On 7 Sep 2010, at 10:30, Justin Hayes wrote:

> Tried Centos last night, and no difference at all.
> 
> -------------------------------------------------
> Justin Hayes
> OpenBet Support Manager
> justin.ha...@openbet.com
> 
> On 6 Sep 2010, at 20:49, Justin Hayes wrote:
> 
>> Hi Ruslan,
>> 
>> Sorry looks like I shrunk the image too much. The thing I find odd is that 
>> there are others with similar hardware who don't get the problem. It'll be 
>> great if 3.10 fixes it for me, but I'd love to get to the bottom of it 
>> first. I'm pretty much positive it's not a DB issue, as I've tried different 
>> sizes of DB, tried postgres AND mysql etc.

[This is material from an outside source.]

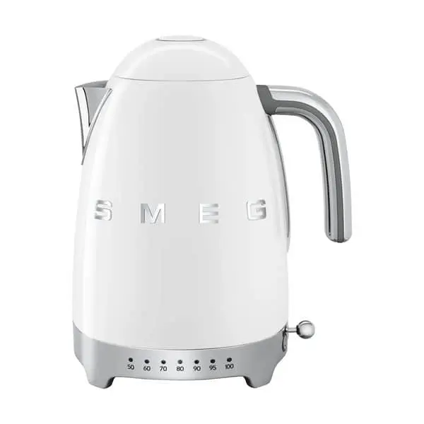 SMEG elkedlen har en smart variabel temperaturindstilling, hvor du kan vælge mellem 7 forskellige temperaturer (50ºC, 60ºC, 70ºC, 80ºC, 90ºC, 95ºC, 100ºC), hvormed du nemt indstiller, hvor varmt vandet skal være. Det betyder, at du kan indstille temperaturen på vandet, så det netop passer til den kop te eller kaffe, du er ved at brygge. Elkedlen har også hold-varm funktion, så du kan holde vandet ved den valgte temperatur i op til 20 minutter.
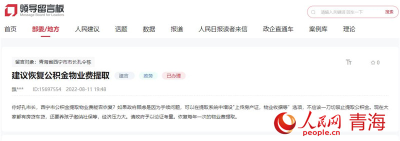 ÆäÖУ¬2022Äê8ÔÂ12ÈÕ£¬ÍøÃñÁõÏÈÉúÔÚÈËÃñÍø¡°Áìµ¼ÁôÑ԰塱ÁôÑÔ±íʾ£¬½¨Òé»Ö¸´¹«»ý½ðÎïÒµ·ÑÌáÈ¡£º¡°ÏÖÔÚ´ó¼Ò¶¼Óз¿´û³µ´û£¬»¹ÒªÑøº¢×Ó½ÉÄÉÉç±£µÈ£¬¾¼ÃѹÁ¦´ó¡£¡±

I don't think it's apache as I've 
>> tried the built in webserver with RT and no change there either.
>> 
>> Currently trying to install RT on Centos given that Roy (who has kindly been 
>> helping me with details of his own setup) appears to have none of the same 
>> problems on that OS. Perhaps perl is just slow on the 64bit ubuntu we've 
>> currently got live.
>> 
>> No idea if it's going to have any effect though :(
>> 
>> Justin
>> 
>> -------------------------------------------------
>> Justin Hayes
>> OpenBet Support Manager
>> justin.ha...@openbet.com
>> 
>> On 6 Sep 2010, at 18:37, Ruslan Zakirov wrote:
>> 
>>> Justin.
>>> 
>>> First of all, I can not read from the chart, but anyway history rendering 
>>> has been worked on in a new code branch. Probably this code will be part of 
>>> RT 3.10. Code at the moment is unstable, but eventually it wil be faster 
>>> then the current version. 
>>> 
>>> On Mon, Sep 6, 2010 at 8:56 PM, Justin Hayes <justin.ha...@openbet.com> 
>>> wrote:
>>> So far we've tried installing RT on different hardware, both 32 and 64bit 
>>> versions of linux. RT is still very slow for long tickets. All the time is 
>>> taken up by the perl/apache process maxing out a core of CPU.
>>> 
>>> We've even gone as far as trying to profile the code. We came up with this 
>>> graph of where the time was going:
>>> 
>>> <TIMING.png>
>>> We then tried to go further into those functions but can't find a single 
>>> smoking gun call that is taking all the time.
>>> 
>>> For example in a ticket that takes 22s to render approx 5 secs goes on 
>>> these 2 lines:
>>> 
>>> File: Ticket/Elements/ShowHistory line: 100-103 version 3.8.8
>>> 
>>>     my @trans_attachments = grep { $_->TransactionId == $Transaction->Id } 
>>> @attachments;
>>> 
>>>     grep { ($_->TransactionId == $Transaction->Id ) && 
>>> ($trans_content->{$_->Id} = $_)  } @attachment_content;
>>> 
>>> Both are greps. Does this imply that perl itself is just slow?
>>> 
>>> IF so why would our perl be slow compared to other people's? We've tried 
>>> compiling it from source and that made no difference.
>>> 
>>> ATM we're at a bit of a loss....
>>> 
>>> Justin
>>> 
>>> -------------------------------------------------
>>> Justin Hayes
>>> OpenBet Support Manager
>>> justin.ha...@openbet.com
>>> 
>>> On 1 Jul 2010, at 11:51, Raed El-Hames wrote:
>>> 
>>>> Justin,
>>>>  
>>>> Do you use Transaction custom fields, if you do n’t ; try and comment out 
>>>> lines 70,71,72 from html/Ticket/Elements/ShowTransaction
>>>> % if ( $Transaction->CustomFieldValues->Count ) {
>>>>       <& /Elements/ShowCustomFields, Object => $Transaction &>
>>>> % }
>>>> See if that improves things for you.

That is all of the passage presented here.